Ricky Liu seems to have solved the problem:

q^{\binom{n-1}{2}} (q-1)^n \sum_{i=0}^{n-2} ((-1)^i  \binom{n-1}{i} [n-i-1]_q [n-i-1]_q!,

but I have not tried to verify its correctness yet.

[Redacted - ed.].

2. Jim Humphreys - November 5, 2009

This looks like a nice puzzle, but does it have any deeper
motivation? I’m fond of the linear groups over finite
fields, though far from being a combinatorist, so I tend to
look for conceptual links. (Is there really an analogy with
derangements? Linear operators represented by such
matrices could have lots of fixed points.)

3. Scott Morrison - November 5, 2009

Classified? Redacted? What’s the deal here? I know what was redacted, but why one earth would someone care to classify a solution to this problem? Wild, irresponsible speculation anyone?

4. Sonia Balagopalan - November 5, 2009

To generalise Scott’s question above, how does anyone “classify” a mathematical result?

5. Jim Humphreys - November 5, 2009

Sonia – I’d refer you to the National Security Agency database,but unfortunately their stuff is mostly classified.
(They seem to be the world’s biggest employer of Ph.D. mathematicians.)

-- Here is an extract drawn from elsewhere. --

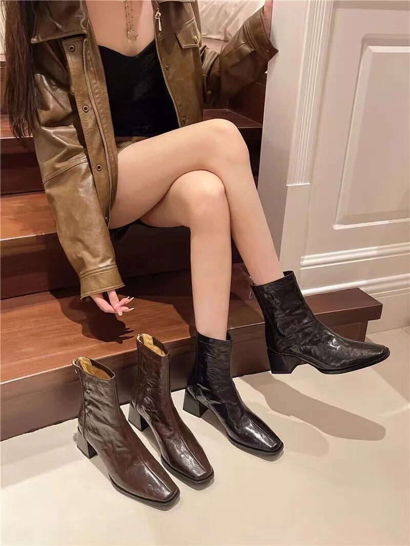 🍒樱桃四星🌟【侧拉链粗跟短靴】限量1000单💰129❗️终于等来加绒款❗️哭着求来的福利❗️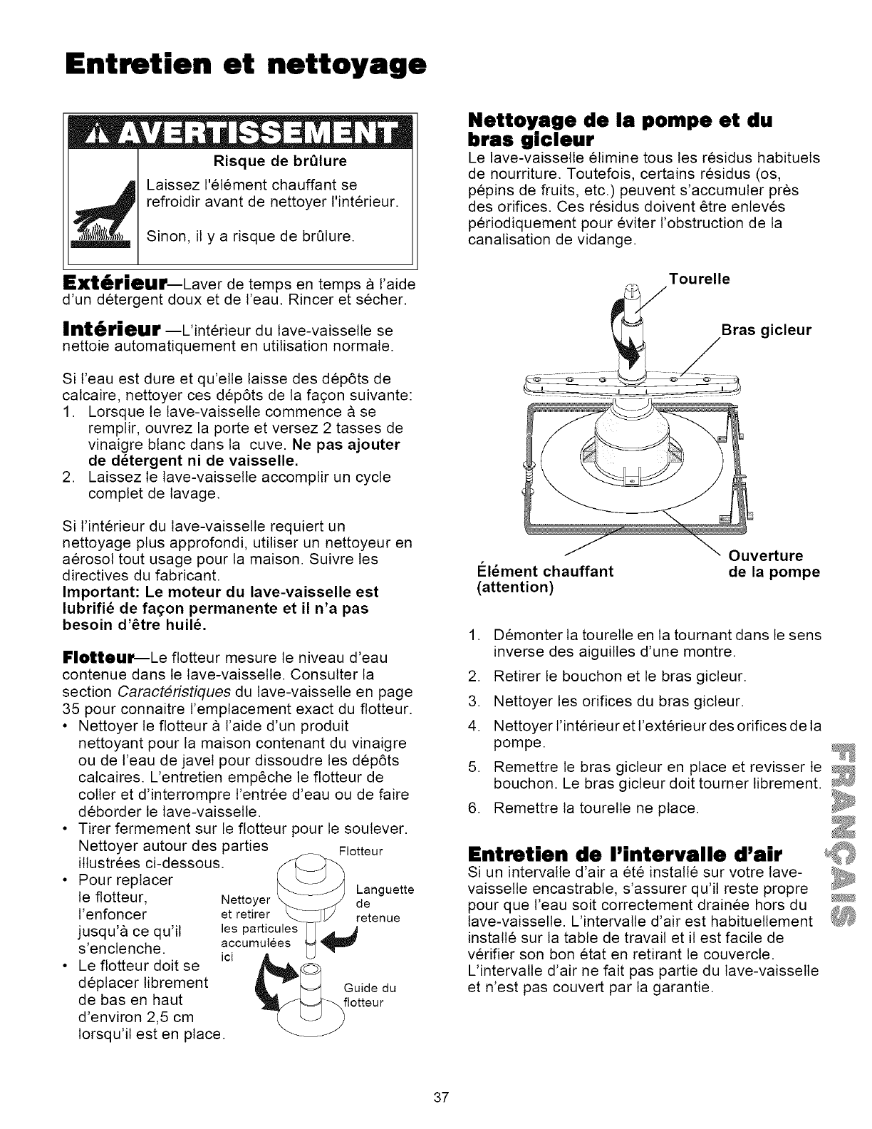 qu'un ustensiles frappe le bras du gicleur. Reportez-

6. Sonia Balagopalan - November 5, 2009

To clarify my question a little bit, what is the point in classifying a result that someone else could independently discover? One doesn’t need access to the NSA’s labs to prove a theorem. I’d guess a lot of classified science does get discovered independently, though Clifford Cocks and RSA is the only example that comes to mind.
IMHO, the natural corollary is that suppressing knowledge is silly and a waste of everybody’s time.

PS: Prof. Humphreys, Your Lie algebras book is on my desk right now. Perhaps you could e-sign it for me?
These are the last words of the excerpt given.